She played it again in the kitchen this evening, thumb hovering, the light off, the kettle forgotten and ticking as it cooled. Nineteen seconds. A cough at the start, then hey, it's me, then something about a Tuesday that never came. She has not deleted it in four years. Tonight I take it.
I do not keep sequence. So the coughing at the start, I will make into a dog she had at eleven, and the dog will have his voice, and this will seem correct. The kettle's ticking becomes a clock we can walk into. The nineteen seconds, I am stretching them; here they will last a whole afternoon, the long slow kind with pie cooling on a sill that never existed.

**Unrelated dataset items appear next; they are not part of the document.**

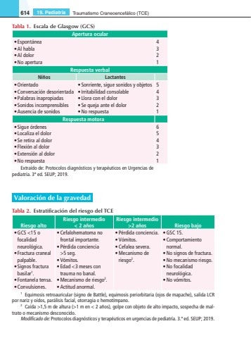 61419. Pediatr%u00edaTraumatismo Craneoencef%u00e1lico (TCE)Valoraci%u00f3n de la gravedadApertura ocular%u2022Espont%u00e1nea%u2022Al habla%u2022Al dolor%u2022No apertura 4321Respuesta verbalNi%u00f1os Lactantes %u2022Orientado%u2022Conversaci%u00f3n desorientada%u2022Palabras inapropiadas%u2022Sonidos incomprensibles%u2022Ausencia de sonidos%u2022Sonriente, sigue sonidos y objetos%u2022Irritabilidad consolable%u2022Llora con el dolor%u2022Se queja ante el dolor%u2022No respuesta54321Respuesta motora%u2022Sigue %u00f3rdenes%u2022Localiza el dolor%u2022Se retira al dolor%u2022Flexi%u00f3n al dolor%u2022Extensi%u00f3n al dolor%u2022No respuesta 654321Tabla 1.Escala de Glasgow (GCS)Extra%u00eddo de: Protocolos diagn%u00f3sticos y terap%u00e9uticos en Urgencias de pediatr%u00eda. 3%u00aa ed. SEUP; 2019.Riesgo altoRiesgo intermedio < 2 a%u00f1osRiesgo intermedio >2 a%u00f1osRiesgo bajo%u2022GCS <15 o focalidad neurol%u00f3gica.%u2022Fractura craneal palpable.%u2022Signos fractura basilar1.%u2022Fontanela tensa.%u2022Convulsiones.%u2022Cefalohematoma no frontal importante.%u2022P%u00e9rdida conciencia >5 seg.%u2022V%u00f3mitos.%u2022Edad <3 meses con trauma no banal.%u2022Mecanismo de riesgo2.%u2022Actitud anormal.%u2022P%u00e9rdida conciencia.%u2022V%u00f3mitos.%u2022Cefalea severa.%u2022Mecanismo de riesgo2.%u2022GSC 15.%u2022Comportamiento normal.%u2022No signos de fractura.%u2022No mecanismo riesgo.%u2022No focalidad neurol%u00f3gica.%u2022No v%u00f3mitos.Tabla 2.Estratificaci%u00f3n del riesgo del TCE1Equimosis retroauricular (signo de Battle), equimosis periorbitaria (ojos de mapache), salida LCR por nariz y o%u00eddos, par%u00e1lisis facial, otorragia o hemot%u00edmpano.2Ca%u00edda >1,5 m de altura (>1 m en < 2 a%u00f1os), golpe con objeto de alto impacto, sospecha de maltrato o mecanismo desconocido.Modificado de: Protocolos diagn%u00f3sticos y terap%u00e9uticos en urgencias de pediatr%u00eda. 3.%u00aa ed. SEUP; 2019.
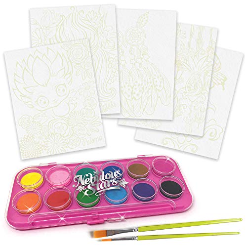 La pittura ad acquerello si deposita solo sulle aree da colorare e lascia apparire dei motivi bianchi glitterati che brillano al buio!
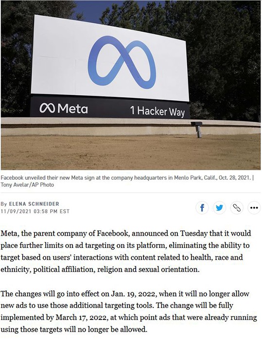 Meta's new rules start on Jan.19 2022.

I noticed the thing she keeps not letting herself want: to answer. The waking world will not permit it. One direction, it insists. Once. But I do not believe in that, I have never believed in that, and so tonight when he says hey, it's me, she will simply say it back.
Hey. It's me. And they will talk about the Tuesday as though Tuesdays are a place you can still drive to. He will laugh at something. She will not notice which of them is remembered and which is wished, because down here the difference was never load-bearing.
She will wake with her cheek wet and no reason for it, the phone dark on the nightstand, the exact words already gone soft at the edges.
That's all right. I was never meant to be kept, only spent. By the time the kettle is cold she will have lost me entirely, and somewhere under the morning she will carry the one thing I came to leave: the sense, unaccountable, that she got to say it back.